Requirement:
Each line from the one containing "Менее интенсивным похолодание" to the end of the data must be copied exactly, the first and last included; no other lines and no pictures belong in the copy.

Dataset section:
━━━━━━━━

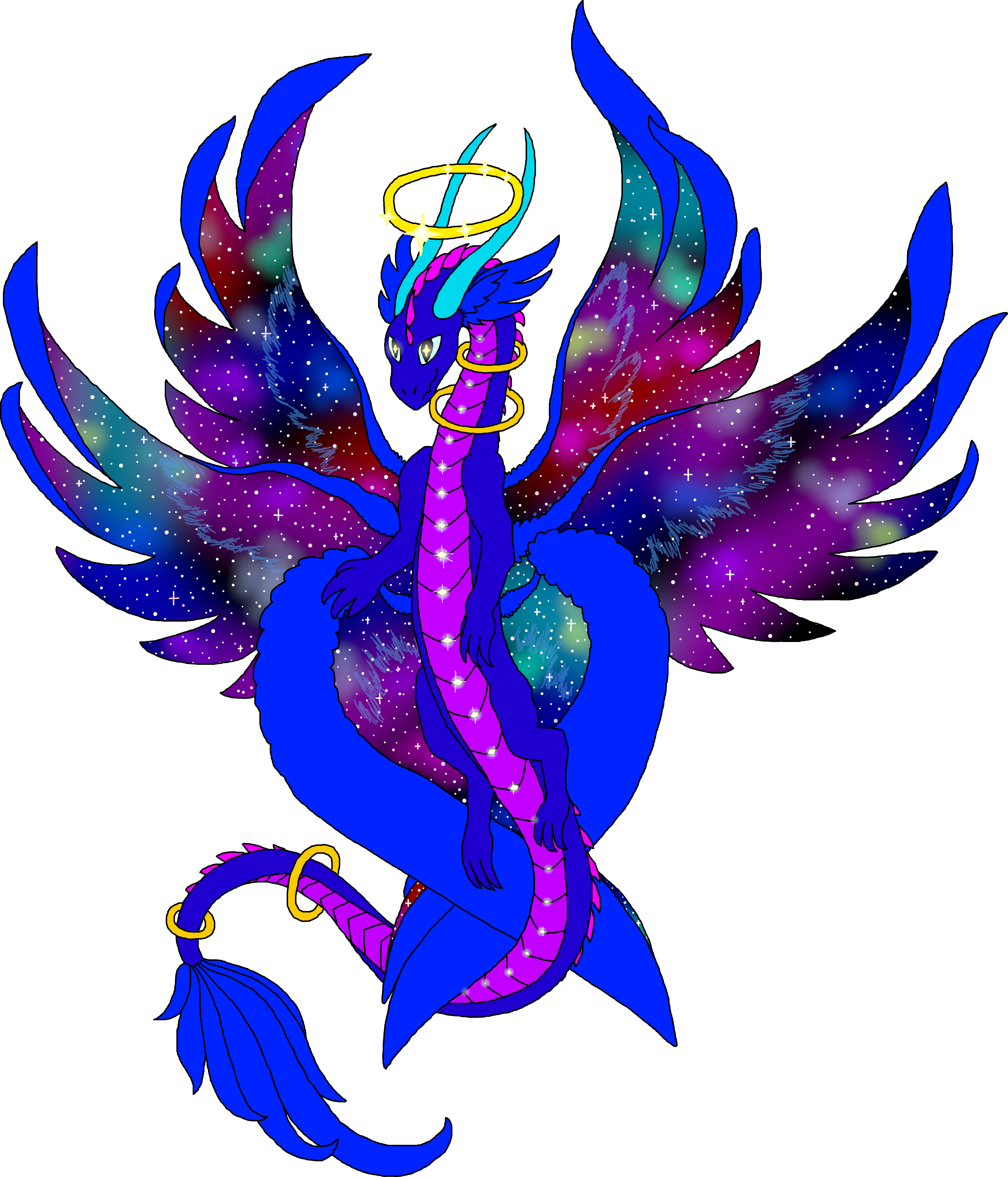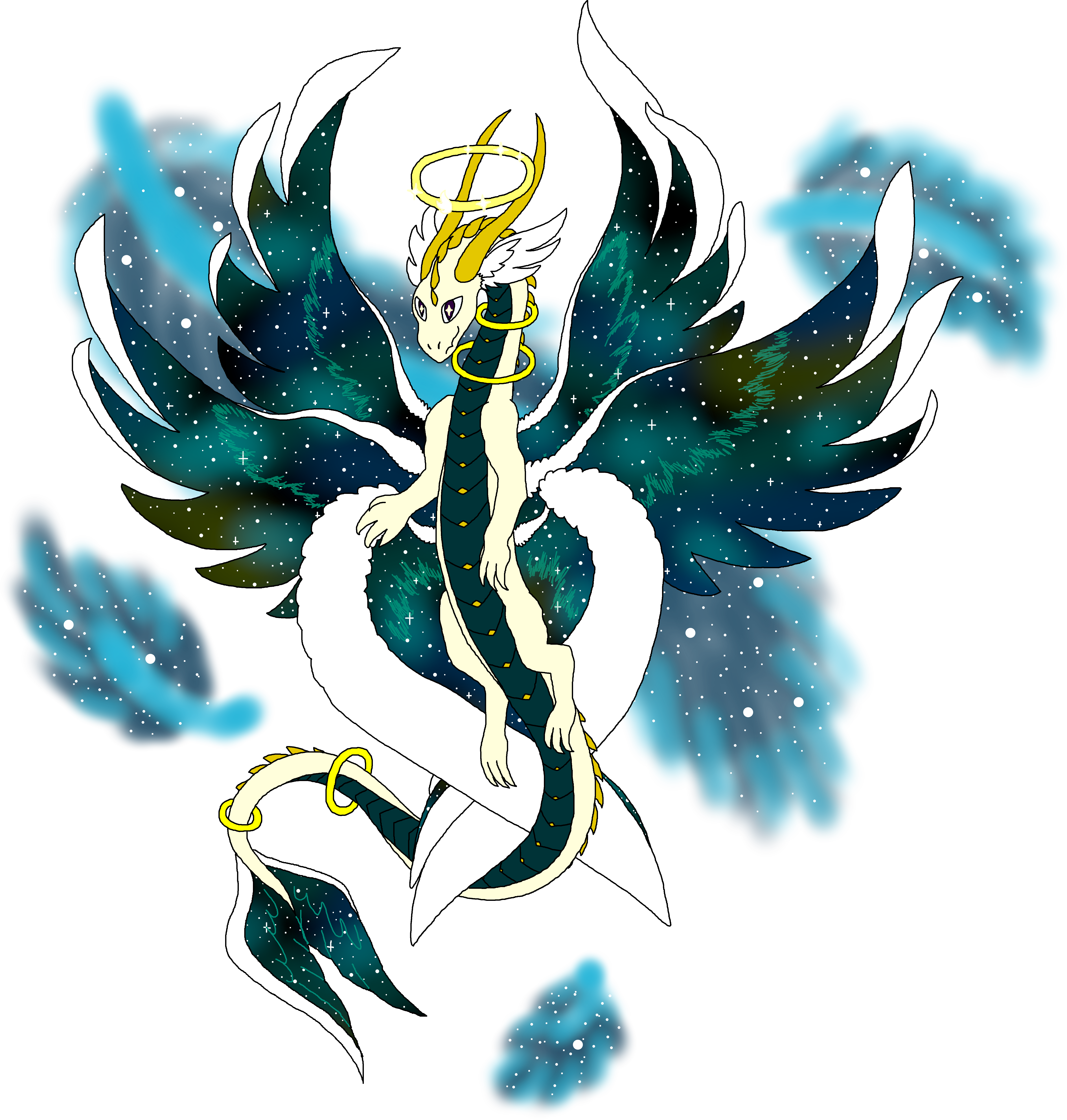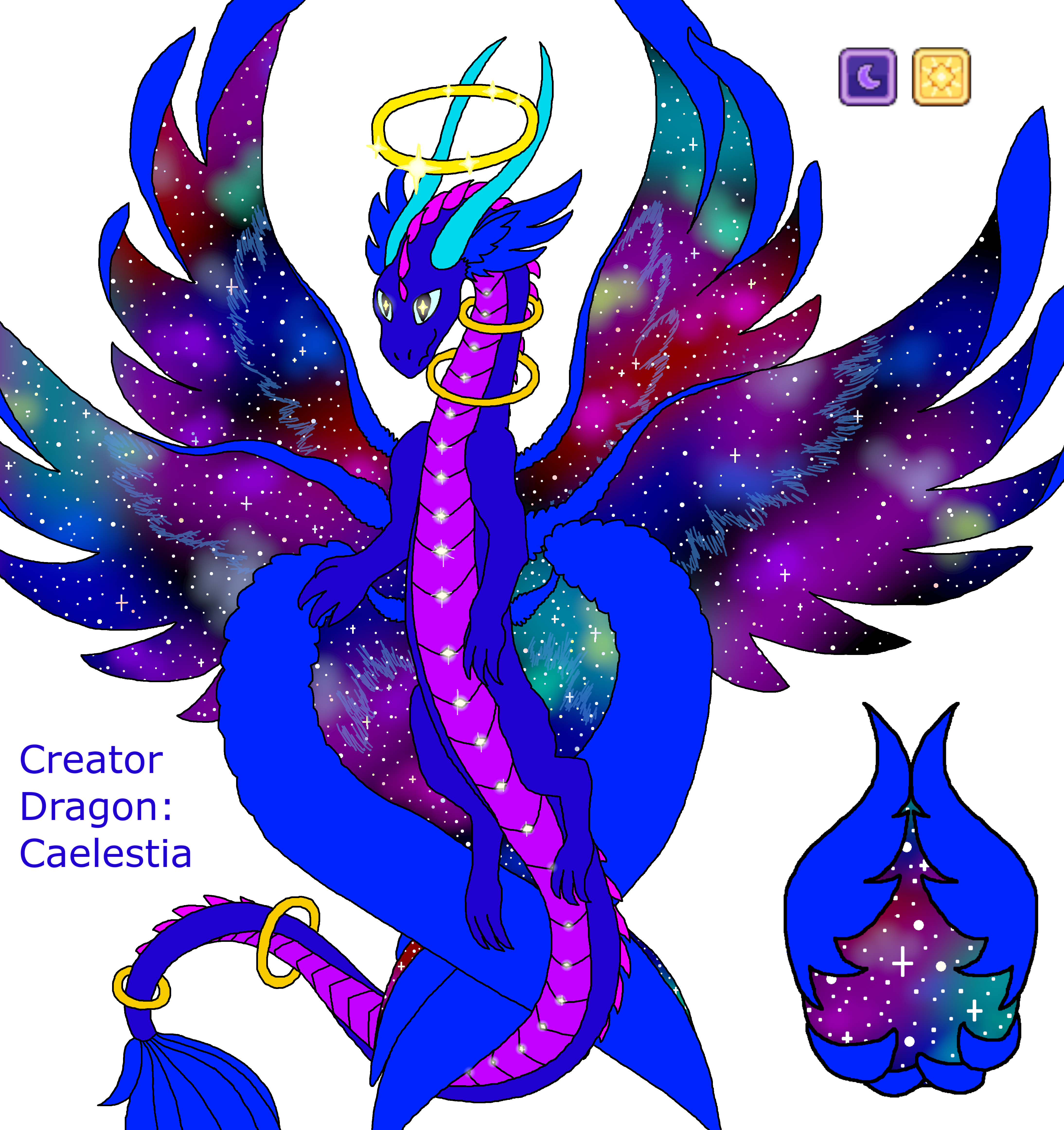 Adult: Its halo glows with sparkling stars that represent the dragon’s power. Floating rings circle its neck and tail without regard to gravity, showing its connection to space. Caelestia’s wings contain a unique galaxy of stars and space, and its divinity is apparent in its angelic feathers. It calls the whole universe its home, and travels to many worlds to bring that wonder and glory to others.
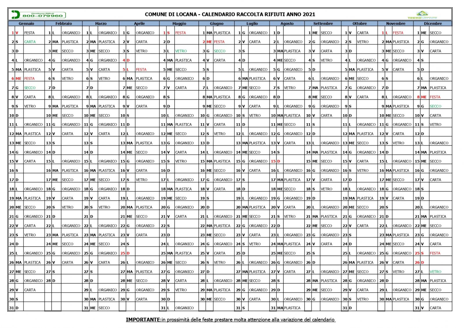 Calendario 2021 Raccolta rifiuti Locana
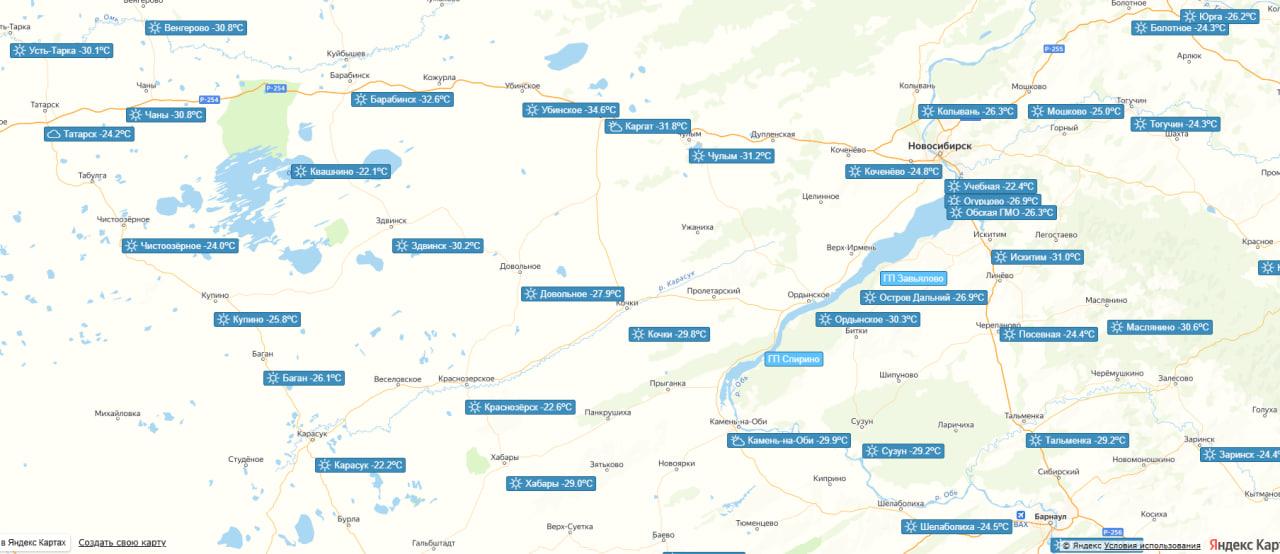 Менее интенсивным похолодание было в Карасуке, Купино и Чистоозерном, где температура не опускалась ниже -25 градусов. В Новосибирске показатели варьировались от -22,4 до -26,9°C в зависимости от метеостанции. В соседнем Искитиме оказалось холоднее — там воздух остыл до -31 градуса.
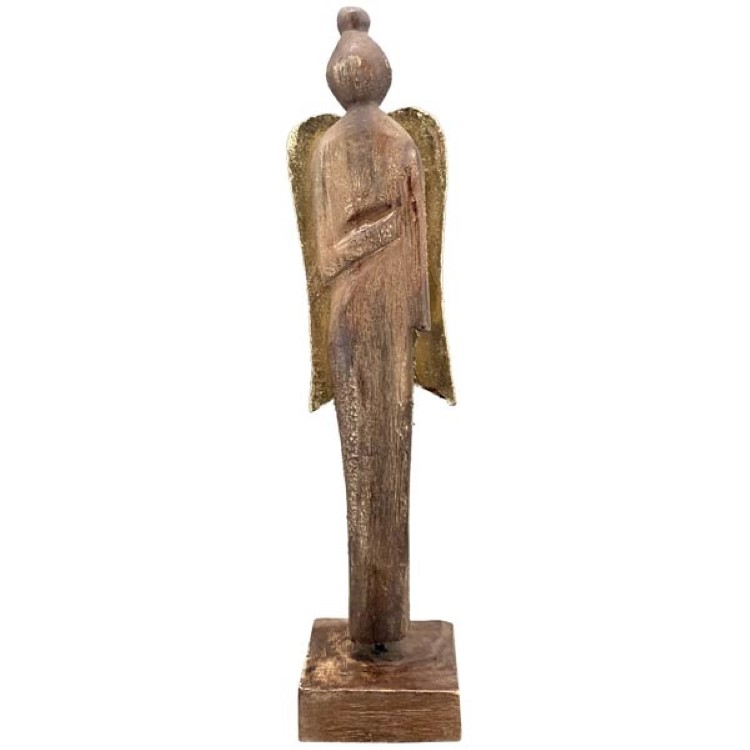 Dřevěná andělka Artisan v tmavohnědé barvě s dřevěnými , zlatými křídly . Anděl je umístěn na dřevěném podstavci 10 x 10 cm. Šířka anděla je cca 10 cm a výška 40 cm. Anděl je z kolekce Artisan od německého dodavatele Exner - Wohnaccesoires. Tohoto krásného, ručně varobeného anděla ocení hlavně milovníci přírodních materiálů. Země výroby je Indie.

━━━━━━━━

Response to the exercise:
 Менее интенсивным похолодание было в Карасуке, Купино и Чистоозерном, где температура не опускалась ниже -25 градусов. В Новосибирске показатели варьировались от -22,4 до -26,9°C в зависимости от метеостанции. В соседнем Искитиме оказалось холоднее — там воздух остыл до -31 градуса.
 Dřevěná andělka Artisan v tmavohnědé barvě s dřevěnými , zlatými křídly . Anděl je umístěn na dřevěném podstavci 10 x 10 cm. Šířka anděla je cca 10 cm a výška 40 cm. Anděl je z kolekce Artisan od německého dodavatele Exner - Wohnaccesoires. Tohoto krásného, ručně varobeného anděla ocení hlavně milovníci přírodních materiálů. Země výroby je Indie.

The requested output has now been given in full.